Sam rubbed his belly beneath his sweatshirt and groaned again.

Ruby picked up a spoon and twirled it in her fingers. ‘Those detectives didn't fill me with confidence,' she said. ‘They weren't very interested in hearing about Sir Mason Green.'

‘I'm sure he's at the centre of all this,' Gerald said. ‘I keep expecting his sneering face to bob up somewhere.' He bit his bottom lip. ‘I really don't want to see him again.'

Ruby folded her arms across her chest and shivered. ‘I don't like how that man in the cottage said he'd been looking for you, Gerald. If Green is involved, I have the nasty feeling we'll hear from him.'

Then a thought popped into Gerald's head. It landed gentle as a snowflake on a mountaintop, but within seconds it was rolling down the hill in a fully fledged avalanche. ‘That dinner jacket of Green's that we got from the dry cleaners.'

Felicity sat at the end of the dining table. The waffle on her plate was untouched. ‘What about it?' she asked.

‘He left some keys in the pocket. Remember?' Gerald disappeared into a bedroom and reappeared a moment later with a silver key ring. ‘These must be for an apartment that Green has here in San Francisco,' he said. He flipped the fob over. ‘The Palladium Apartments,' he read. ‘Nob Hill.'

Sam let out a giggle. Everyone looked at him. His cheeks reddened. ‘Sorry,' he mumbled.

‘What are you thinking, Gerald?' Ruby asked, suddenly brightening. ‘Do you want to pay a visit?'

‘If Green is running this show, I want to know what he's after,' Gerald said. ‘There's no way he could sneak back into the US so soon after escaping from jail. So that gives us some time to have a look around his apartment. It probably won't amount to much but who knows—we might find something.'

‘You don't want to just call the detectives and tell them?' Sam said.

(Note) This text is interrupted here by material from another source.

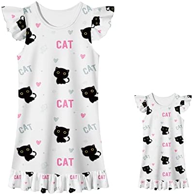 LQSZ Doll and Girl Matching Nightgown Outfit Pajamas Flutter Short Sleeves Nightie Nightgown for Girls and 18″ Dolls

‘No!' Felicity's response was emphatic. Gerald, Sam and Ruby turned to look at her. She blushed. ‘They'll be too busy,' she said. ‘Looking for everyone.' She dropped her eyes to her uneaten meal. ‘And, like Gerald says, there's probably nothing there.'

Gerald pushed himself back from the table. ‘It's better than hanging around here,' he said.

Within five minutes they had jackets, gloves and hats, ready to go. They gathered at the door and Gerald was about to pull it open when Ruby grabbed his arm. ‘Wait,' she said. ‘What about the policeman outside? He's not going to let us just wander out of here.'

Gerald paused. ‘You're right. There's got to be a way past him.' Then his eyes fell on the room-service trolley. He reached for the telephone.

It didn't take much to convince the room-service porter.

‘A hundred dollars to push you guys down the hall in this trolley?' the man asked, not sure if he'd heard right.

‘And there's another hundred when you deliver us back in an hour or so,' Gerald said. ‘But our friend outside in the hallway can't know anything about it.'

The porter lifted a corner of the floor-length tablecloth that was draped over the trolley. ‘Climb aboard,' he said.

Gerald wasn't sure whose elbow was shoved under his nose, or whose kidneys he'd squashed with his knee, but the cramped journey down the length of the hotel corridor was worth every cent.

A short cab ride later and they bundled out onto the street opposite the Palladium Apartments. The sun had disappeared over the horizon and a dank night had settled on the city.

Gerald jangled the keys in his jacket pocket. Across the street, through a wall of glass at the front of the apartment building, he could see a man sitting behind a reception desk.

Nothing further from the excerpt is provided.